This so-called base bleed system fills up the vacuum behind the shell, which reduces drag. Every source I can find on this tells me it’s definitely not a rocket motor. A rocket produces thrust, and this merely raises the back-pressure from a negative value to neutral or mildly positive.

I dunno, this sounds like a rocket to me, just a very weak one. Anyway, you can go ahead and put in a rocket system altogether and avoid this semantic trap. As you might imagine, this involves devoting even more internal space to propellant at the expense of explosive:

Base bleed can add 5 to 10 km to a 155 mm howitzer’s already impressive 25 km range. Rocket assist can bring the range up to 40 km.

Conclusion: Counter-intuitive design choices

A lecturer in college said something which has always stuck with me. The great thing about engineering, according to him, is that it can lead you down the most counter-intuitive design choices which still make sense.

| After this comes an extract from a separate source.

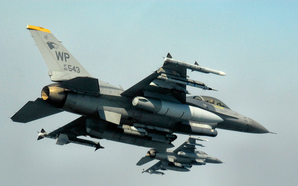 Pilots from the 80th Fighter Squadron fly a training mission over the South Korean peninsula in F-16 Fighting Falcons, Feb 20. Pilots assigned to the 80th FS utilize training missions to simulate actual conditions they may face in combat and keep their war-fighting skills honed. (U.S. Air Force Photo/Tech. Sgt Quinton T. Burris)

For example, anyone with common sense can see that a bigger engine, or one that burns more fuel, will generate more power. Spraying water into the engine, on the other hand, would seem silly. But that’s exactly what an engineer will tell you to do, via an intercooler, to further compress the intake air before combustion and generate extra power.

The same holds for gun design. You wouldn’t intuitively think that putting complicated grooves in a barrel and making the bullet slightly too big to fit through them would result in a better shot—but it does.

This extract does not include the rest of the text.